Cadena blinks. "Er... Her genetic profile. She was modified. RIU has records of it. Mr. Edwards had created a biological/medical scanning subsystem in order to analyze her physiology before he enacted the 'summoning' modification. Actually, I was just speaking with Mr. Edwards to see if I could obtain a copy, and then perhaps see if Miss Summers could help me analyze the data, since she has far more expertise in that area, and I imagine she's quite conscious of the situation."
"I.. doubt that counts," Tracy says. "Akiko Summers was born human, to human parents, and was human for 20 years before Blake messed with her in VR. I don't think that once you are human, you can legally be considered not human later after contracting a genetic disorder or getting stem-cell therapy or something. Otherwise people who suffer genetic damage from radiation wouldn't be considered human - and that's like every astronaut ever! Nobody would move to a space colony if it meant they wouldn't be considered human anymore."
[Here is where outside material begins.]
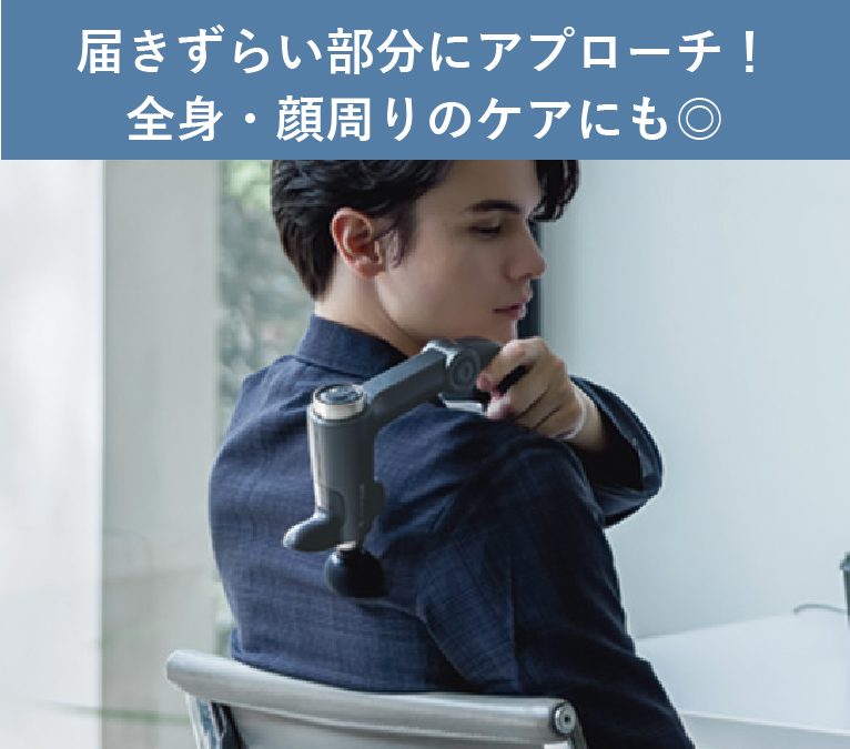 届きづらい部分にドクターエアのエクサガンハンディ!アームの開閉が可能で届きづらい背中や腰にも簡単にアプローチ!約350gの軽さとシンプルなデザインで、スマートなボディケアをサポート◎小型で軽量ながらパワフルな振動を実現。部位や好みに合わせて振動レベルを選択いただいて、全身にアプローチすることができます!

"That's a very good point," Cadena says, "and that was my original reasoning. It's just that Mr. Edwards's take on it seemed to equate Miss Summers's situation with Inari's and it all ... kind of forced me to reevaluate some of my admittedly shaky theories on the topic. I still need to verify a few things, after all. And, after all, the secondary genetic code is dormant. As long as it's just sitting there, it's really nothing more than garbage data. I'm just complicating things again." He furrows his brow, looking contemplative.
"You do tend to over-think things when you aren't busy," Tracy says. "I wonder if all dogs are mute philosophers now. Anyway, I'm leaning towards spider-bots as our backups. What do you think?"